§ WHAT YOU HAVE TO DO: From the material below, set down exactly the lines that run from the one containing "衿元のメタルボタンがデザインのアクセントとなった上品な印象のプルオーバー。" to the one containing "12月14日1・2時間目、2", minus the pictures.

(Beginning of EXERCISE DATA)

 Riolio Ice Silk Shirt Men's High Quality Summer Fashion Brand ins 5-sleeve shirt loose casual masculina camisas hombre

(End of EXERCISE DATA)
(Beginning of EXERCISE DATA)

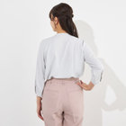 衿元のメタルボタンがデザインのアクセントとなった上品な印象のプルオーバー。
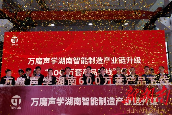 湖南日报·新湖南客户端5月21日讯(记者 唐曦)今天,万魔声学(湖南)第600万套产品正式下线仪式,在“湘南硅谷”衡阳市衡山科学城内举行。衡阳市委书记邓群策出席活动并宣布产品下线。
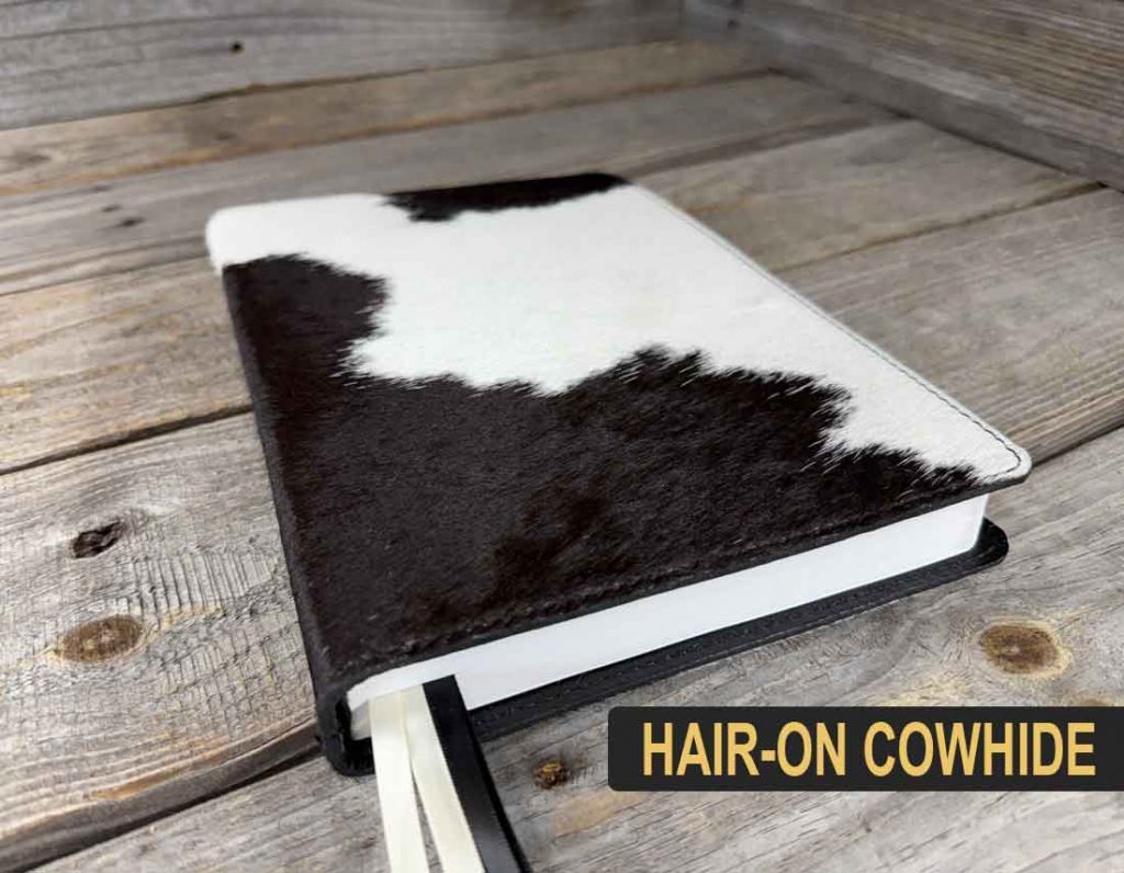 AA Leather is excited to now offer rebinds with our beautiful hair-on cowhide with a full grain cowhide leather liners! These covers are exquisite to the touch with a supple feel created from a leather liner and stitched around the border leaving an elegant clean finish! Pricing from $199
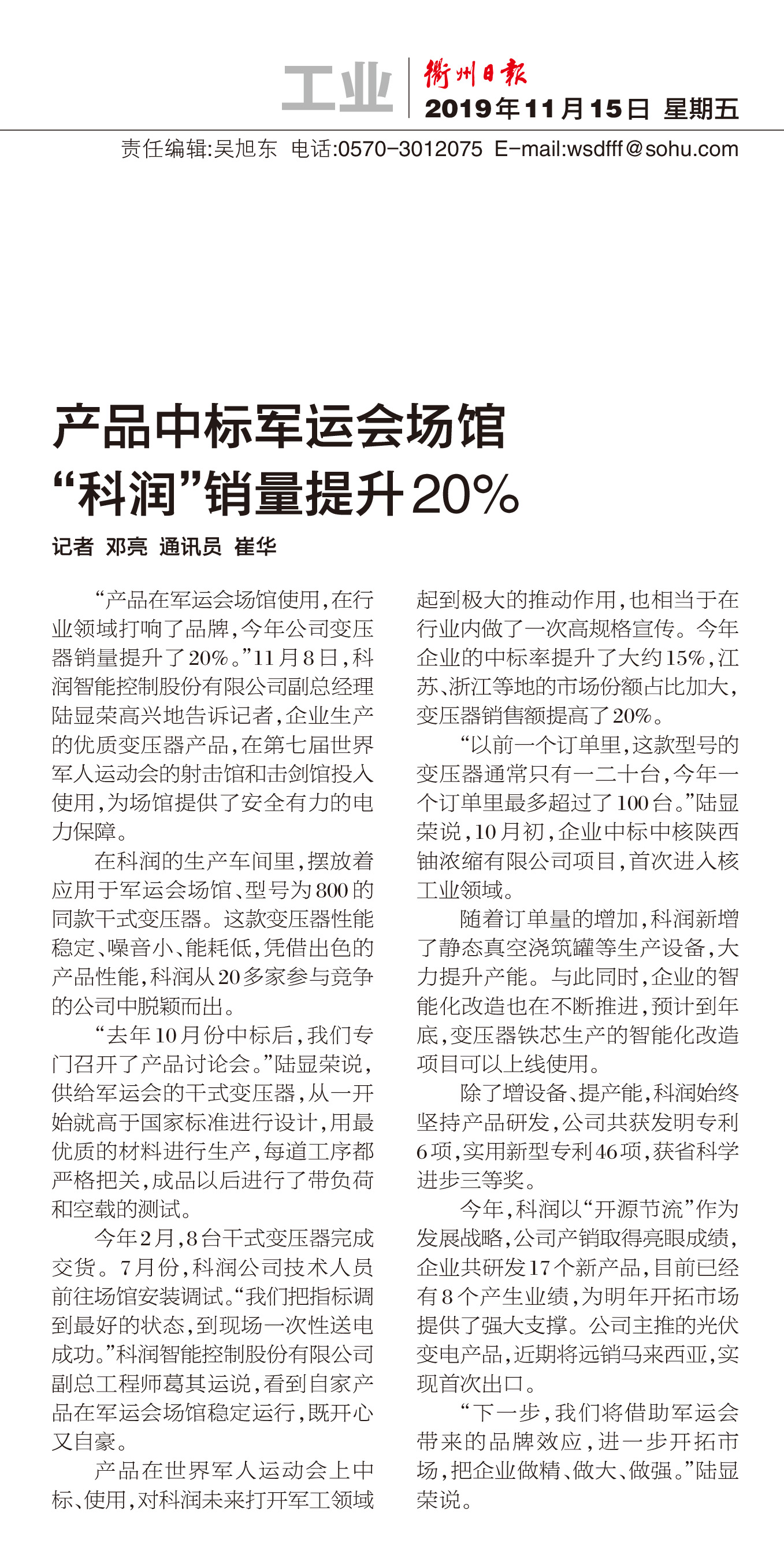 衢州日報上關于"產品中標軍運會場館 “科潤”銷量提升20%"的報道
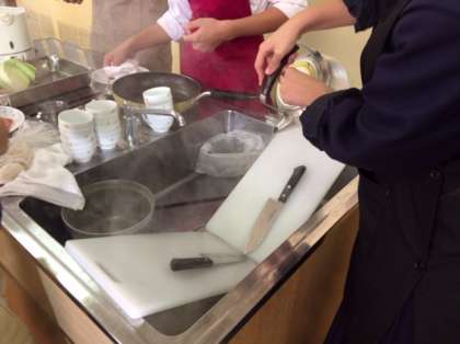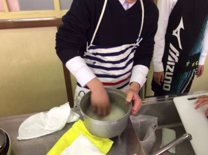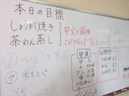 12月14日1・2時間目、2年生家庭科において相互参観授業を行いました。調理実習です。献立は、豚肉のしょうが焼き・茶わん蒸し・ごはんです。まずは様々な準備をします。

(End of EXERCISE DATA)

§ RESPONSE AREA:
 衿元のメタルボタンがデザインのアクセントとなった上品な印象のプルオーバー。
 湖南日报·新湖南客户端5月21日讯(记者 唐曦)今天,万魔声学(湖南)第600万套产品正式下线仪式,在“湘南硅谷”衡阳市衡山科学城内举行。衡阳市委书记邓群策出席活动并宣布产品下线。
 AA Leather is excited to now offer rebinds with our beautiful hair-on cowhide with a full grain cowhide leather liners! These covers are exquisite to the touch with a supple feel created from a leather liner and stitched around the border leaving an elegant clean finish! Pricing from $199
 衢州日報上關于"產品中標軍運會場館 “科潤”銷量提升20%"的報道
 12月14日1・2時間目、2年生家庭科において相互参観授業を行いました。調理実習です。献立は、豚肉のしょうが焼き・茶わん蒸し・ごはんです。まずは様々な準備をします。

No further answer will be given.